Саня остался ждать меня в палате, болтая с дедом, а я поплёлся к Яковлевичу.
Мой спаситель выглядел уставшим после сложного дежурства, но очень довольным. Явно рассказ деда про его подружку имеет под собой весьма серьёзные основания. Айфон в минус, но это как посмотреть, явно Гена доволен результатом общения со своей замужней зазнобой, а смартфон… легко пришёл, легко ушёл, зато получил незабываемые впечатления. Ну, это я сделал такой вывод, глядя на его довольную физиономию.
— Заходишь первым. Молчишь. Все за тебя скажу я. Начнётся всё действо ровно в десять. Это формальности, но необходимые формальности. Марина сказала, что заходила к тебе, но ты спал, — а потом, приблизившись ко мне на минимально возможное расстояние, почти касаясь головой моего лба, шепотом спросил, — ты, что с ней ночью делал? Она вся светилась от счастья утром, когда в ординаторскую зашла, да не пустая. Довольная, смеялась, радовалась солнышку. Вся какая-то светлая была. Все подумали про тебя, что ты гигант большого секса, а она всё про какой-то массаж говорила и про то, что отлично выспалась!
Я улыбнулся.
— Так и есть! Выспалась она хорошо, а я полночи массаж ей делал. Она на ноги жаловалась, что гудят сильно, я и размял, а она заснула.
Гена на меня смотрит, явно не веря.
— Вот не поверю, что Марина такого молодого парня пропустила мимо себя! — прошептал он. — Это её слабость и все у нас об этом знают. А молодёжь просто ведётся на её большие сиськи, а тут только массаж — и она радостная?! Странно. Ну да ладно, готовься, тебя позовут.
Комиссия прошла мгновенно. Я всего пару минут стоял перед группой врачей. Что-то зачитывал Яковлевич. Потом мне высказали пожелания, как поддерживать своё здоровье и про то, что документы подаются на мою инвалидность.
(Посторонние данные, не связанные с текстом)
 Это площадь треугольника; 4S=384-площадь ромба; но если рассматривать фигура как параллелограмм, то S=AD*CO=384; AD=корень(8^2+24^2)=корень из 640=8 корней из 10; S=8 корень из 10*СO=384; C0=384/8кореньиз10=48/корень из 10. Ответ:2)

Что говорить? Я молчал, слушал и молчал. От меня тут мало что зависело, спасибо за то, что вообще спасли, и богине отдельное спасибо. В другой реальности, я сына потерял.
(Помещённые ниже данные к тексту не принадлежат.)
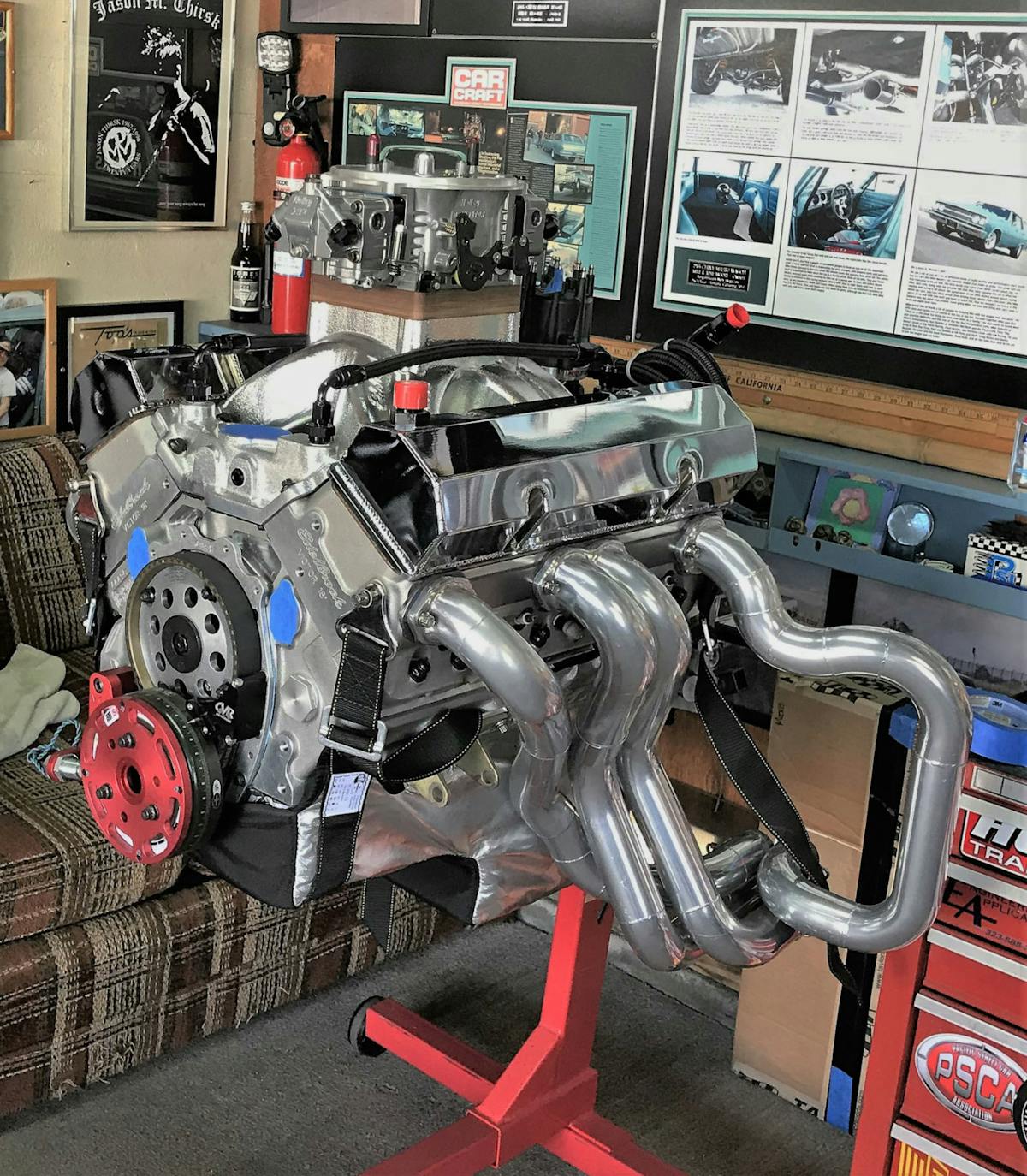 The 383 later gave way to an all-aluminum, 18-degree Brodix small-block built by Mark Millhollin at Hot Rod Performance in Torrance. The 434-inch engine sports a 4.15×4-inch bore/stroke combination in the 9.027-inch deck aluminum block; Hot Rod utilized a SCAT crankshaft and H-beam connecting rods, and CP pistons for the rotating assembly. The valvetrain consists of an Isky custom-grind cam, Manley valves and pushrods, T&D rockers, and Edelbrock 18-degree CNC-ported has, all resulting in a 14.21:1 compression ratio. The mill is topped with an Edelbrock intake manifold and an 1150 cfm Holley Dominator carburetor.

Потом минут десять подождал под дверями ординаторской нашего отделения. Мне готовили документы. А затем, процедура прощания. Всё-таки четыре месяца провести в одном и том же отделении — это многого стоит. Много знакомых, многие видели меня лежачего, который и говорить то мог с трудом. Спасибо им всем!
Провожать меня вышли все медики, которые были в это утро в отделении. Приятные слова, ответные слова благодарности. Слёзы у меня на глазах, и молчание сопровождающего меня Сани.
Всё, мы на улице.
— А тебя тут любят! — задумчиво произнёс парень.
— Любили, — с надеждой в голосе произнёс я. — Четыре месяца — это реально много, но эти люди мне жизнь спасли.
Помолчали. Я хромаю на своём костыле, а Саня тащит мои вещи, хотя их у меня всего ничего. Отдельно у него в руках пакет — мне ещё надо с одним человеком попрощаться, который лично ко мне очень хорошо относился.
Вот и проходная. Нас Митрич заметил, ещё когда из больничного корпуса вышли. Стоит, курит, внимательно рассматривает моего носильщика.
— Покидаешь нас? — говорит бывший мент.
— Когда-нибудь это должно было случиться, — философски отвечаю я.
Беру из рук Сани, чёрный пакет.
— Спасибо тебе, Митрич, за всё — говорю я. — Тебе от меня маленький презент.
Тот распахнул пакет, глянул. Хмыкнул себе в усы.
— Откуда в тебе такие знания жизненные, Андрюха? — произносит он задумчиво, а сам уже срисовал и мой прикид, который один раз уже видел, и цепочку толстую у меня на шее, и, конечно, золотой перстенёк на среднем пальце правой руки. Даже наверняка и на дорогущие часы обратил внимание. Да и мой сопровождающий явно не прост, особенно если учесть, что за средство передвижения под задницей, у этого парня.
— Ну, бывай, агент ноль-ноль-семь! — смеётся он. — И осторожней с волыной, а лучше и вовсе от неё избавься, даже если это простой травмат.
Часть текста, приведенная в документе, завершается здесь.